Avec Daniel Craig, James Bond a enfin trouvé l’interprète que l’on attendait depuis… Sean Connery. Après l’impeccable Casino Royale, l’acteur rempile pour Quantum of Solace. Et se confie à Focus.

On le croyait, à vrai dire, pratiquement rangé des affaires, relique de la Guerre froide que ses évolutions successives avaient petit à petit détourné de son objet. Si bien d’ailleurs que James Bond – c’est de lui qu’il s’agit – semblait plus n’avoir à opposer à la concurrence que charme et désinvolture – arguments un brin désuets, on en conviendra, face aux Jason Bourne et consorts.

C’est là qu’entre en scène Daniel Craig, acteur britannique ayant fait l’essentiel de son parcours au théâtre ou dans des productions cinématographiques indépendantes – de Love is the Devil de John Maybury, à Hotel Splendide de Terence Gross; soit pas exactement le genre de CV dont sont bardés les aspirants agents secrets. Tout au plus si le Road to Perdition de Sam Mendes avait permis à un public plus large de prendre la mesure de son talent.

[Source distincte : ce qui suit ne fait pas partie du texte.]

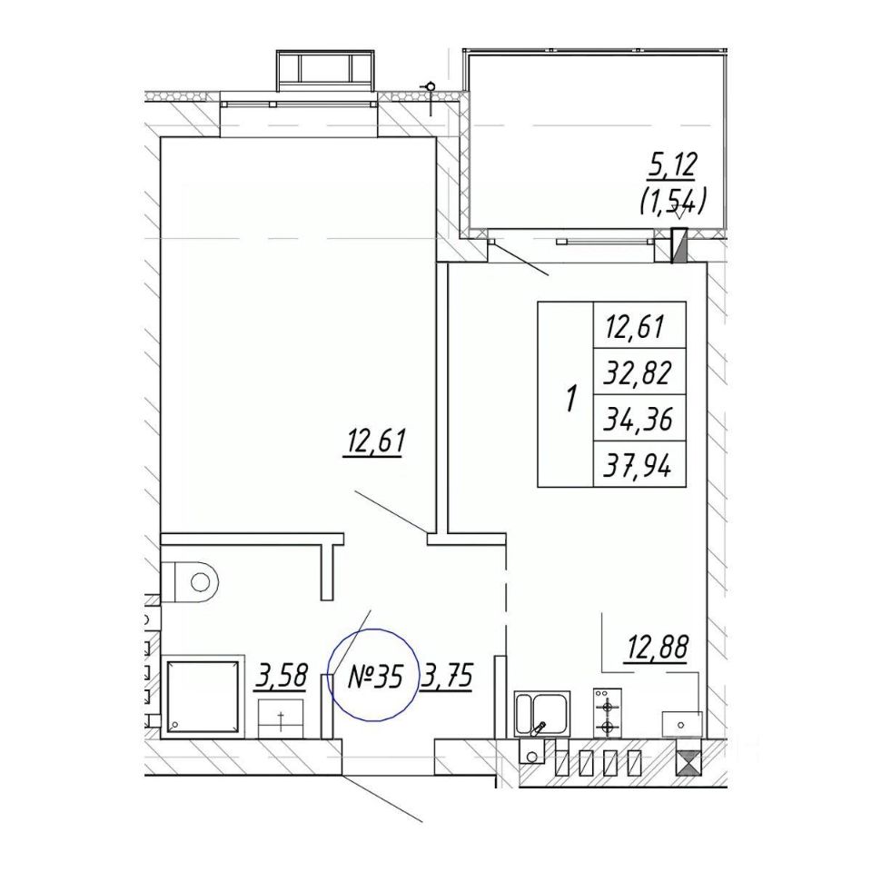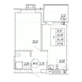 Продается 1-комн. квартира, 34,36 м²

Contre toute attente, c’est pourtant vers lui que se tournent Barbara Broccoli et Michael G. Wilson, les producteurs, au moment de choisir le successeur à Pierce Brosnan, et donc celui par qui doit passer le renouveau de Bond. En guise de renouveau, il faut d’ailleurs plutôt parler d’un retour aux sources: Casino Royale est en effet le premier roman de Ian Fleming mettant en scène Double zéro sept, sur le point d’obtenir le fameux permis de tuer. Coup d’essai, et coup de maître: si le rôle de Bond l’a cueilli par surprise, Craig apparaît comme l’homme de la situation, modèle de sécheresse et interprète idéal de 007 depuis un certain Sean Connery, pas moins… La franchise aujourd’hui joliment relancée, on retrouve l’acteur à Bregenz, en Autriche, où la production de Quantum of Solace, 22e épisode de la série réalisé par Marc Foster, a installé ses quartiers. Investi, Craig témoigne aussi d’un sens de l’humour particulièrement aiguisé (et résolument british: on ne se refait pas…)

Focus: la pression est-elle plus importante pour Quantum of Solace qu’elle ne l’était pour Casino Royale?

Daniel Craig: oui, mais c’est une pression positive, qui résulte du succès du précédent. Si Casino Royale avait été un échec, je n’ose imaginer à quoi ressemblerait notre conversation. La pression est en effet immense; d’autant plus, en ce qui me concerne, que j’ai toujours affirmé vouloir être en mesure, quoiqu’il arrive, de me retourner et regarder ces films individuellement mais aussi comme un tout, pour voir s’ils tenaient la route en tant que tels. L’enjeu est avant tout de tourner le meilleur film possible.

Bénéficiez-vous de plus de liberté de la part des producteurs du fait du succès de Casino Royale ?

C’est en tout cas ce qu’ils se plaisent à me laisser croire (rires). J’ai fait mon petit bonhomme de chemin, mais ils m’en ont aussi donné l’opportunité. Avant d’entamer le second volet, nous avons eu une conversation autour de mon implication, du fonctionnement d’une entreprise aussi vaste, et de la façon dont je pourrais me saisir de différents aspects. Depuis, j’ai été impliqué aux différents stades, et cela continue – il y a maintenant plusieurs mois que je me suis totalement investi dans le projet.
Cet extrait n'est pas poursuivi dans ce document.